Your instructions.
Please give the whole listing again exactly, without any of its pictures.
== Data excerpt
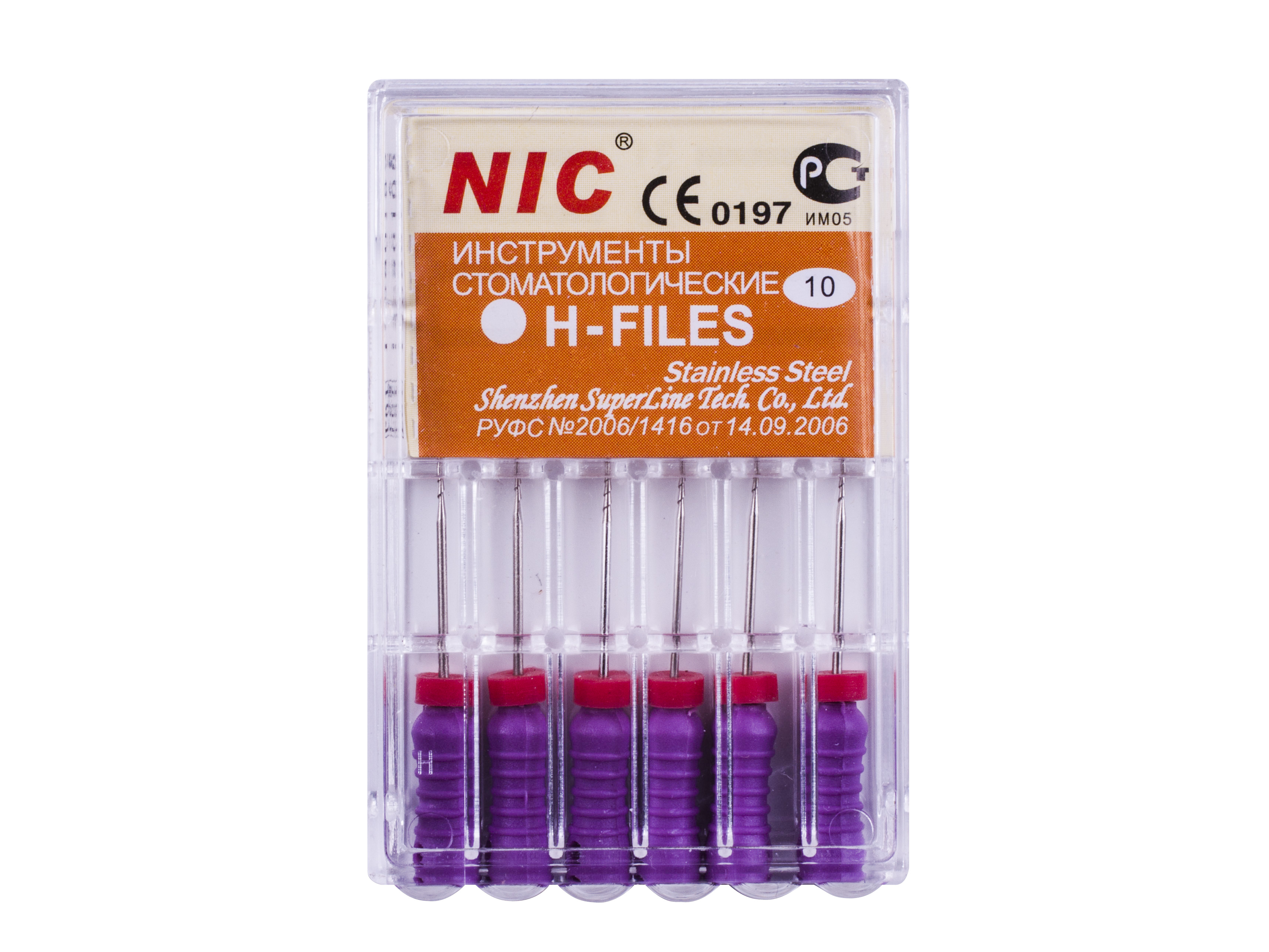H-файлы 10 длиной 28 мм со спиралевидной рабочей частью для качественной подготовки зубных каналов. Материалы изготовления: режущая честь – нержавейка, ручка – пластик, ограничитель – силикон. Прекрасные рабочие характеристики файлов обусловлены формой рабочей части и гибкостью инструмента. Конусность – 0,02.
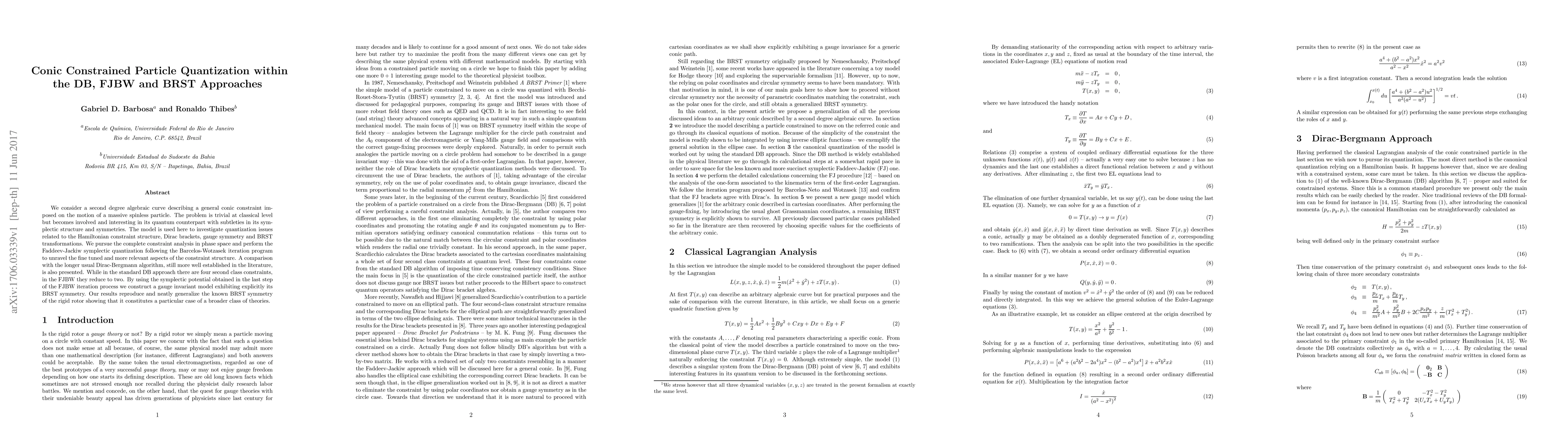 We consider a second degree algebraic curve describing a general conic constraint imposed on the motion of a massive spinless particle. The problem is trivial at classical level but becomes involved and interesting in its quantum counterpart with subtleties in its symplectic structure and symmetries. The model is used here to investigate quantization issues related to the Hamiltonian constraint structure, Dirac brackets, gauge symmetry and BRST transformations. We pursue the complete constraint analysis in phase space and perform the Faddeev-Jackiw symplectic quantization following the Barcelos-Wotzasek iteration program to unravel the fine tuned and more relevant aspects of the constraint structure. A comparison with the longer usual Dirac-Bergmann algorithm, still more well established in the literature, is also presented. While in the standard DB approach there are four second class constraints, in the FJBW they reduce to two. By using the symplectic potential obtained in the last step of the FJBW iteration process we construct a gauge invariant model exhibiting explicitly its BRST symmetry. Our results reproduce and neatly generalize the known BRST symmetry of the rigid rotor showing that it constitutes a particular case of a broader class of theories.
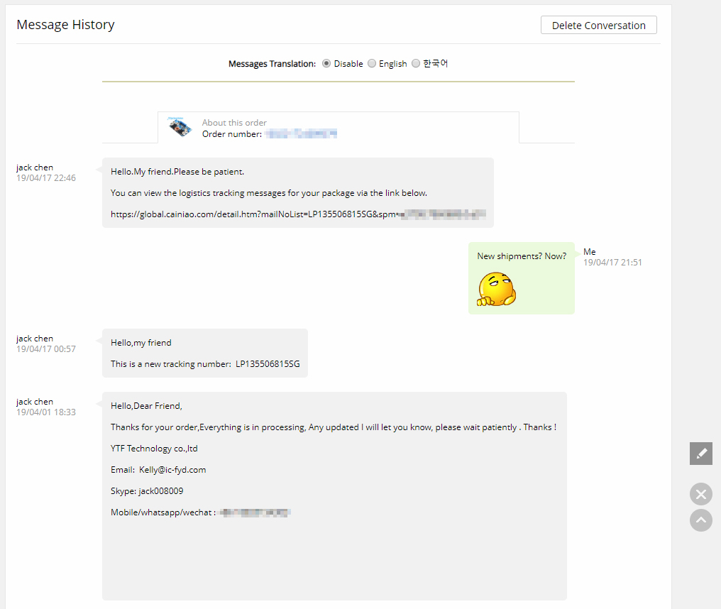 전자의 경우 미안해서 인지 위의 이미지처럼 배송이 취소되고 난 후에 다시 발송하고 트래킹 넘버와 친절하게도
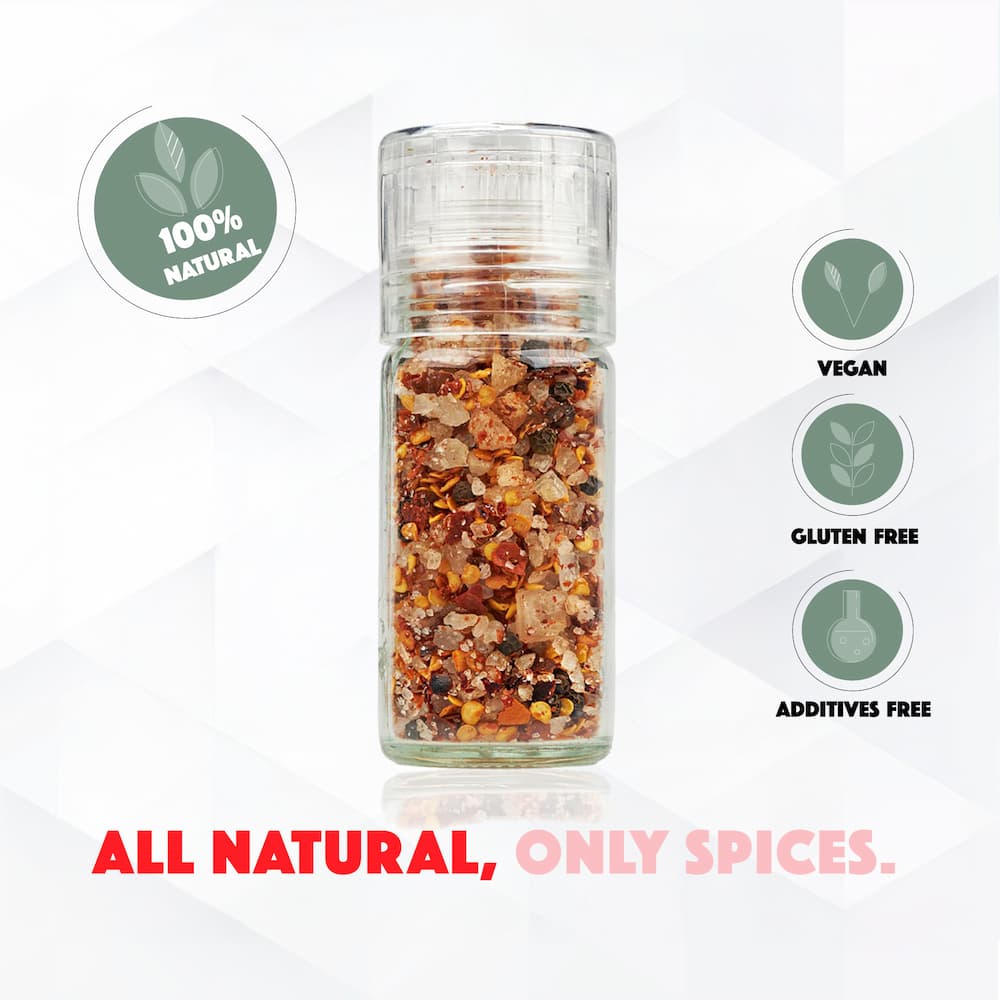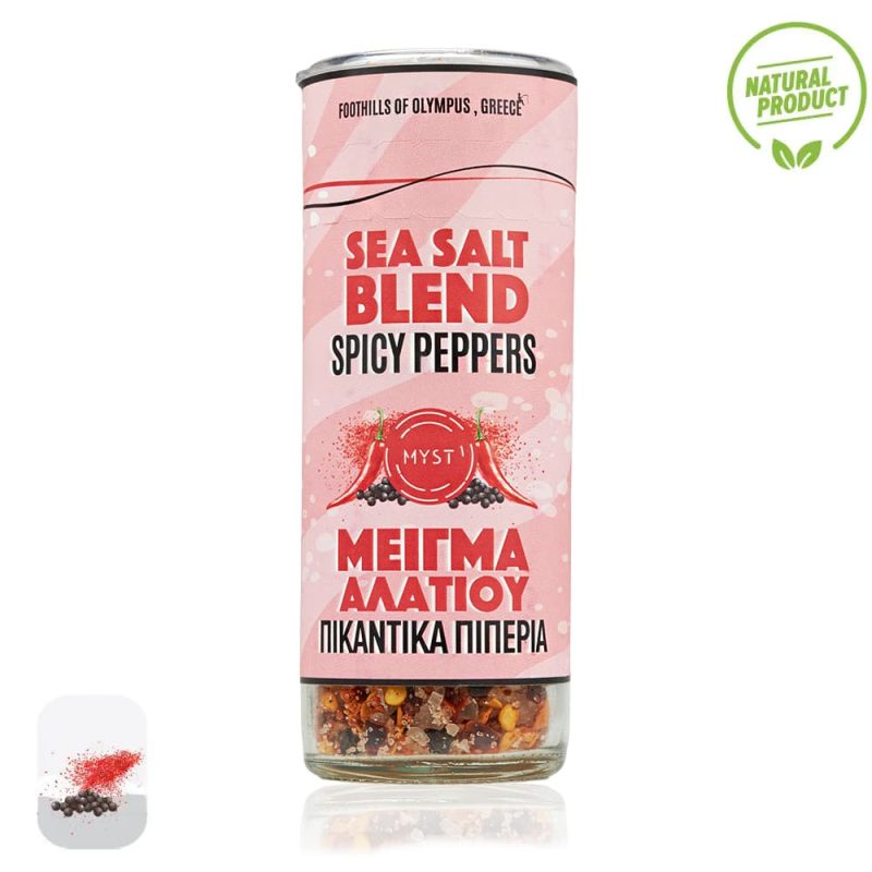 Pure sea salt from the foot of Olympus spicy florinis pepper ,boukovo and black pepper. Tasty, aromatic and spicy!
====
Written reply.
H-файлы 10 длиной 28 мм со спиралевидной рабочей частью для качественной подготовки зубных каналов. Материалы изготовления: режущая честь – нержавейка, ручка – пластик, ограничитель – силикон. Прекрасные рабочие характеристики файлов обусловлены формой рабочей части и гибкостью инструмента. Конусность – 0,02.
 We consider a second degree algebraic curve describing a general conic constraint imposed on the motion of a massive spinless particle. The problem is trivial at classical level but becomes involved and interesting in its quantum counterpart with subtleties in its symplectic structure and symmetries. The model is used here to investigate quantization issues related to the Hamiltonian constraint structure, Dirac brackets, gauge symmetry and BRST transformations. We pursue the complete constraint analysis in phase space and perform the Faddeev-Jackiw symplectic quantization following the Barcelos-Wotzasek iteration program to unravel the fine tuned and more relevant aspects of the constraint structure. A comparison with the longer usual Dirac-Bergmann algorithm, still more well established in the literature, is also presented. While in the standard DB approach there are four second class constraints, in the FJBW they reduce to two. By using the symplectic potential obtained in the last step of the FJBW iteration process we construct a gauge invariant model exhibiting explicitly its BRST symmetry. Our results reproduce and neatly generalize the known BRST symmetry of the rigid rotor showing that it constitutes a particular case of a broader class of theories.
 전자의 경우 미안해서 인지 위의 이미지처럼 배송이 취소되고 난 후에 다시 발송하고 트래킹 넘버와 친절하게도
 Pure sea salt from the foot of Olympus spicy florinis pepper ,boukovo and black pepper. Tasty, aromatic and spicy!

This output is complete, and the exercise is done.